CryptoPunks are a set of 10,000 Ethereum-based NFTs, each token corresponding to a unique cartoonish figure. They’re glitchy. They’re kitschy. But some are also worth a ton of money. In February, FlamingoDAO bought an “ultra rare” alien Punk for $762,000. Just two days ago, CryptoPunk #1886 – a zombie character with messy hair and a beard – went for over $1 million worth of ETH. Punks have been auctioned off at Sotheby’s and Christies for millions. Said to be one of the catalysts of the crypto art boom, Punks are sought after for their blockchain-ensured scarcity and computer-generated rarity. No two are alike. It’s that point Ripps attempted to press with his latest artistic statement, an effort to goad Larva Labs into taking copyright action, he said.
On June 29, Ripps listed an NFT titled "CryptoPunk #3100" on Foundation, a near-facsimile of an official punk by the same name. Ripps’s version, which sold for 2.189 ETH (~$4,620 USD), was of slightly higher resolution than the original, which last sold on March 11 for a record-breaking (at the time) 4,200 ETH (~$7,584,485). “This work is a critique of NFT and Larva Labs,” Ripps said. In an Instagram post, he went into further detail about how CryptoPunks are devoid of humanity and have become institutionalized by traditional artistic gatekeepers – like very old auction houses. “The glimmer of what was once ‘punk’ about Cryptopunks [sic] is gone,” he wrote. On July 1, Larva Labs submitted a Digital Millennium Copyright Act (DMCA) takedown notice to Foundation, which was forwarded to Ryder Ripps as required by law, a Foundation representative said. Hours later, Ripps submitted a counterclaim to Foundation saying his work falls under “fair use,” and minted the DMCA takedown notice as an NFT along with Larva Labs’ email. Jason Williams, who also goes by “Parabolic Guy,” bought the work after seeing the controversy flare up on Twitter. CryptoPunk “die-hards” argue that copies would dilute the value of their holdings. Others thought Ripps’ project failed to advance the crypto art movement.

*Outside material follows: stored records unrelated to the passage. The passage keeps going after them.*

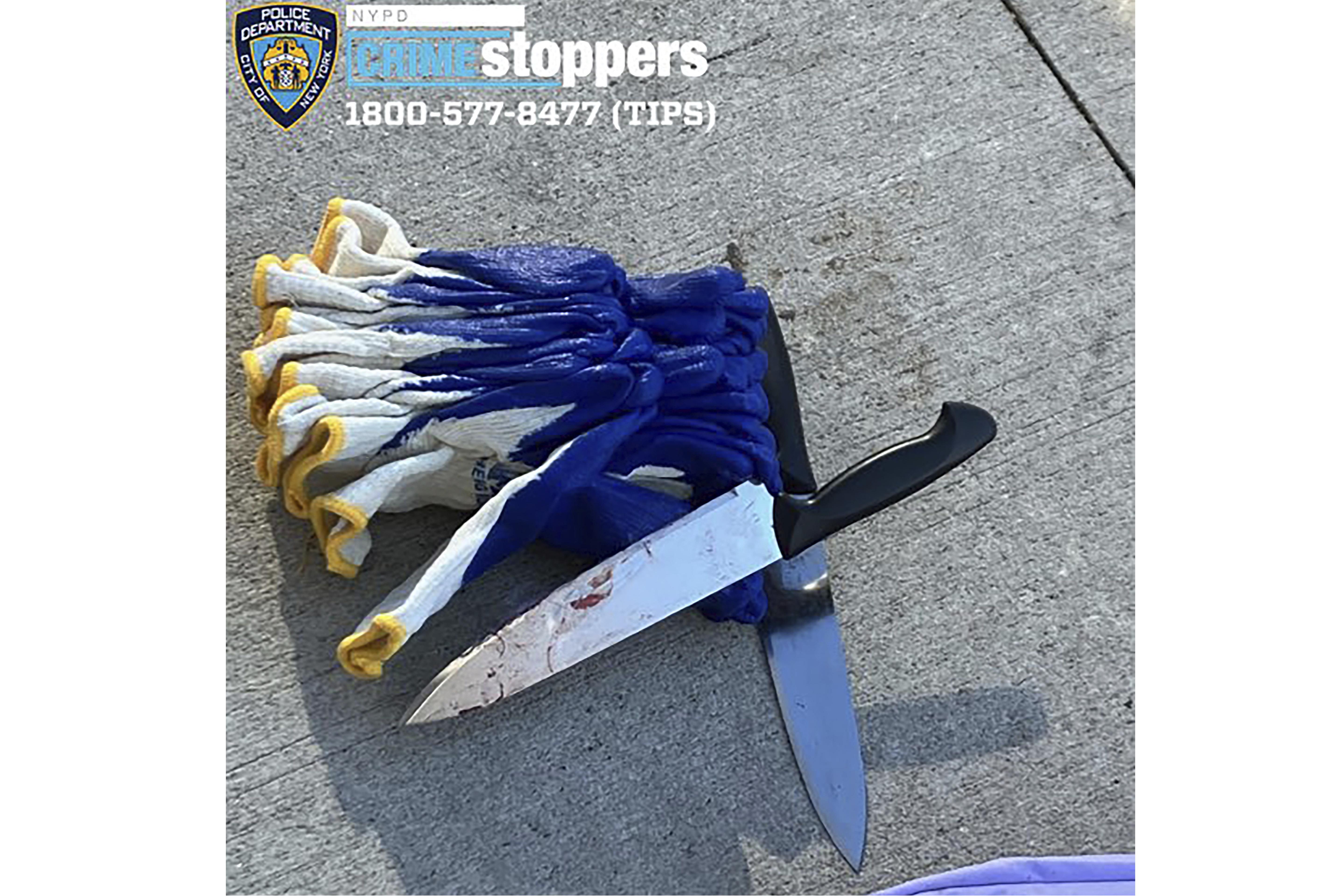 當地時間18日,紐約警方公布疑犯的犯案殺人工具。(美聯社)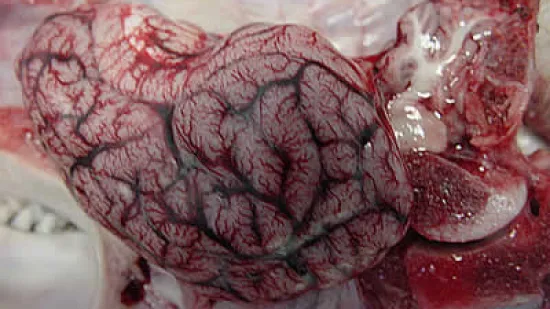 Cette image en coupe transversale d'un poumon de porc est caractéristique d'une pneumonie provoquée par: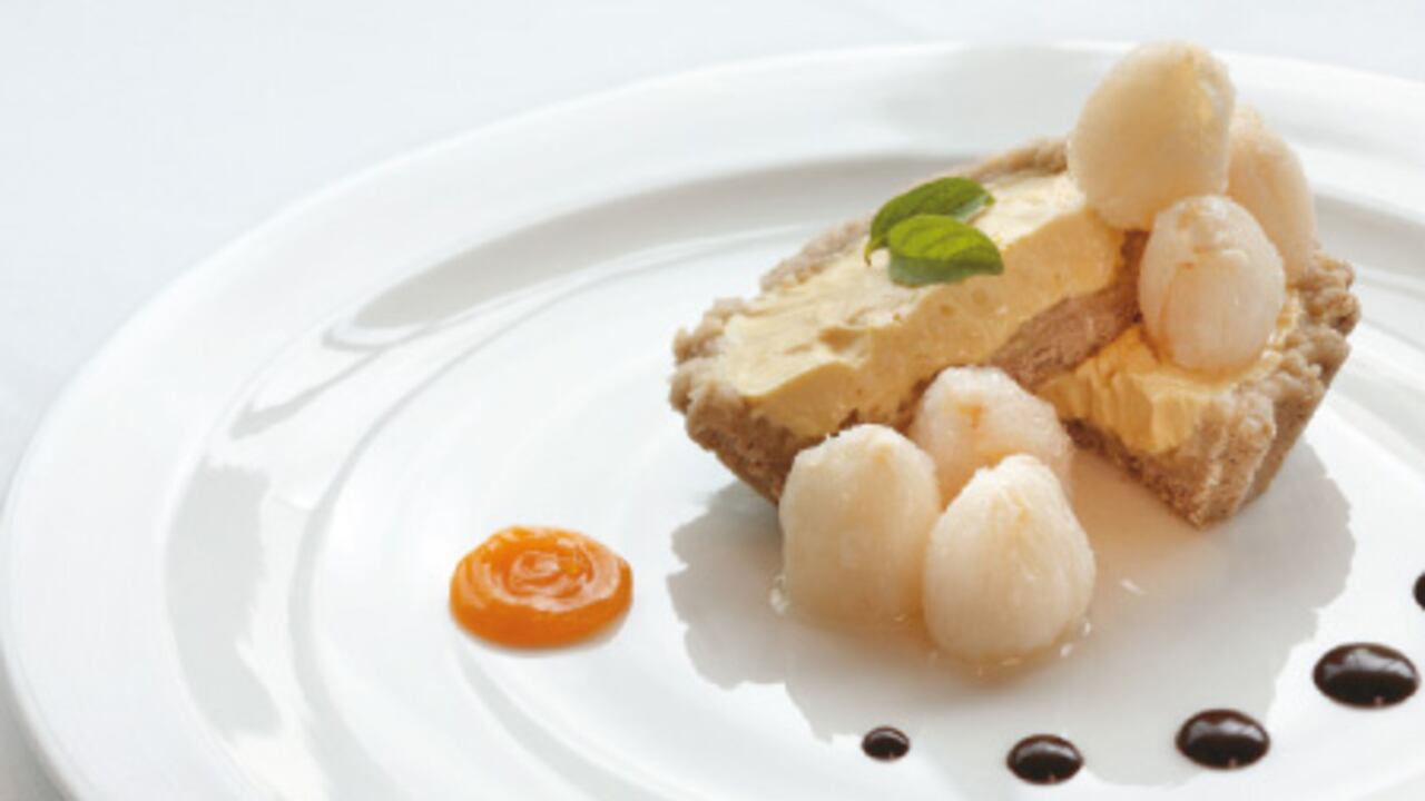 Vierta la preparación sobre los moldes previamente listos con la masa y congele durante mínimo una hora. Decore con los lychees.

“As I started to think about it more I figured it would lead to a broader discussion around the DMCA copyright what’s real and what’s not, etc.,” Williams said in a direct message. “And I thought the punk would be very valuable since it is the first DMCA punk that Larva Labs took action against.”
There have been other punk copycat projects. CryptoPhunks, for one, markets itself as “Punks that Larva Labs does not want you to own.” The project was taken off OpenSea initially but has found a workaround for now. Then there's the mirror world series hosted on Binance Smart Chain. Part of the issue is that NFTs provide buyers with ownership of a digital token, but not necessarily the work to which the token corresponds. Just as when you buy a painting, that doesn't mean you can sell the image in the painting to McDonald's to use as wallpaper in an Egg McMuffin ad. This is a boundary that Ripps has pressed in the past. Although a work of art may not improve upon or transform an original physically, which is a typical stipulation of fair use, it could be introducing a new artistic thought. “Welcome to the annoying world of conceptual art,” Ripps wrote.
–D.K.
Brady Dale contributed reporting.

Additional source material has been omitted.